QUERY THAT NEEDS HELP: Here is the "new" query that yields the results above:
CREATE MEMBER CURRENTCUBE.[Measures].[Num Stores In-Stock]
AS COUNT(
FILTER(
CROSSJOIN(
DESCENDANTS(
[Product].[Item].CURRENTMEMBER,
[Product].[Item].[UPC]
),
DESCENDANTS(
[Division].[Store].CURRENTMEMBER,
[Division].[Store].[Store ID]
)
),
[Measures].[Inventory Qty] > 0
)
),
FORMAT_STRING = "#,#",
NON_EMPTY_BEHAVIOR = { [Inventory Qty] },
This query syntax is used in a bunch of other "Number of Stores Selling / Out of Stock / Etc."-type calculated measures in the cube, with only a variation to the [Inventory Qty] condition at the bottom or by chaining additional conditions.

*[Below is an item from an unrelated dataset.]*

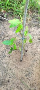 Quando a planta atingir de 35 cm a 40 cm deverá ser amarrada ao piquete, para que o seu desenvolvimento se torne ereto, permitindo melhor formação da copa. O piquete poderá ser o mesmo utilizado na marcação da área para a abertura das covas. Dessa forma, todas as mudas que apresentavam essas características de altura, foram tutoradas.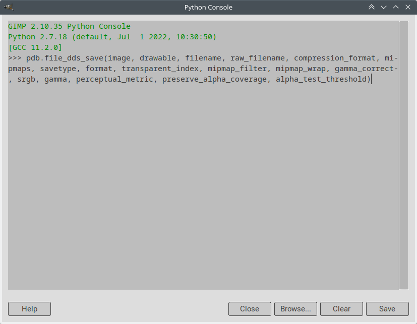 (file-dds-save RUN-NONINTERACTIVE image drawable filename filename 1 1 0 0 -1 0 0 )

In its current condition, this query can take 2-3 minutes to run which is way too long for the audience of this reporting. Can anyone think of a way to reduce the query load or help me rewrite this to be more efficient?
Thank you!
UPDATE 2/24/2014: We solved this issue by bypassing a lot of the MDX involved and adding flag values to our named query in the DSV.

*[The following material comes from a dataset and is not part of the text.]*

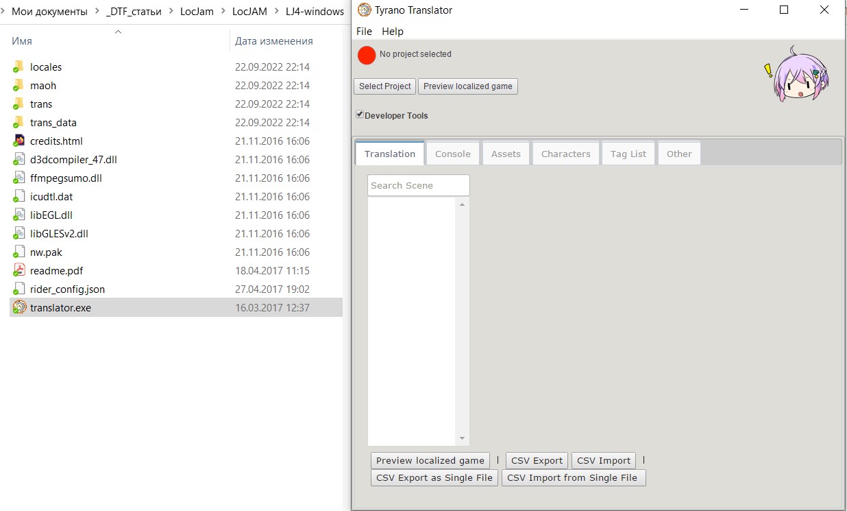 - Интегрировать файлы перевода в игру при помощи утилиты Tyrano Translator (шла в комплекте).

For example, instead of doing a filter command in the MDX code for "number of stores selling" - we simply added this to the fact table named query...
CASE WHEN [Sales Qty] > 0
THEN 1
ELSE NULL
END AS [Flag_Selling]
...then we simply aggregated these measures as LastNonEmpty in the cube. They roll up much faster than the full-on MDX queries.
It should be much faster to model your conditions into the cube, avoiding the slow Filter function:
If there are just a handful of conditions, add an attribute for each of them with two values, one for condition fulfilled, say "cond: yes", and one for condition not fulfilled, say "cond: no". You can define this in a view on the physical fact table, or in the DSV, or you can model it physically. These attributes can be added to the fact table directly, defining a dimension on the same table, or more cleanly as a separate dimension table referenced from the fact table. Then define your measure as
CREATE MEMBER CURRENTCUBE.[Measures].[Num Stores In-Stock]
AS COUNT(
CROSSJOIN(
DESCENDANTS(
[Product].[Item].CURRENTMEMBER,
[Product].[Item].[UPC]
),
DESCENDANTS(
[Division].[Store].CURRENTMEMBER,
[Division].[Store].[Store ID]
),
{ [Flag dim].[cond].[cond: yes] }
)
)
Possibly, you even could define the measure as a standard count measure of the fact table.
In case there are many conditions, it might make sense to add just a single attribute with one value for each condition as a many-to-many relationship. This will be slightly slower, but still faster than the Filter call.
I believe you can avoid the cross join as well as filter completely. Try using this:
CREATE MEMBER CURRENTCUBE.[Measures].[Num Stores In-Stock]
AS
CASE WHEN [Product].[Item Name].CURRENTMEMBER IS [Product].[Item Name].[All]
THEN
SUM(EXISTS([Product].[Item Name].[Item Name].MEMBERS,[Business].[Business Name].CURRENTMEMBER),
COUNT(
EXISTS(
[Division].[Store].[Store].MEMBERS,
(
[Business].[Business Name].CURRENTMEMBER,
[Product].[Item Name].CURRENTMEMBER
),
"Measure Group Name"
)
))
ELSE
COUNT(
EXISTS(
[Division].[Store].[Store].MEMBERS,
(
[Business].[Business Name].CURRENTMEMBER,
[Product].[Item Name].CURRENTMEMBER
),
"Measure Group Name"
)
)
END
I tried it using a dimension in my cube and using Area-Subsidiary hierarchy.
The case statement handles the situation of viewing data at Business level. Basically, the SUM() across all members of Item Names used in CASE statement calculates values for individual Item Names and then sums up all the values. I believe this is what you needed.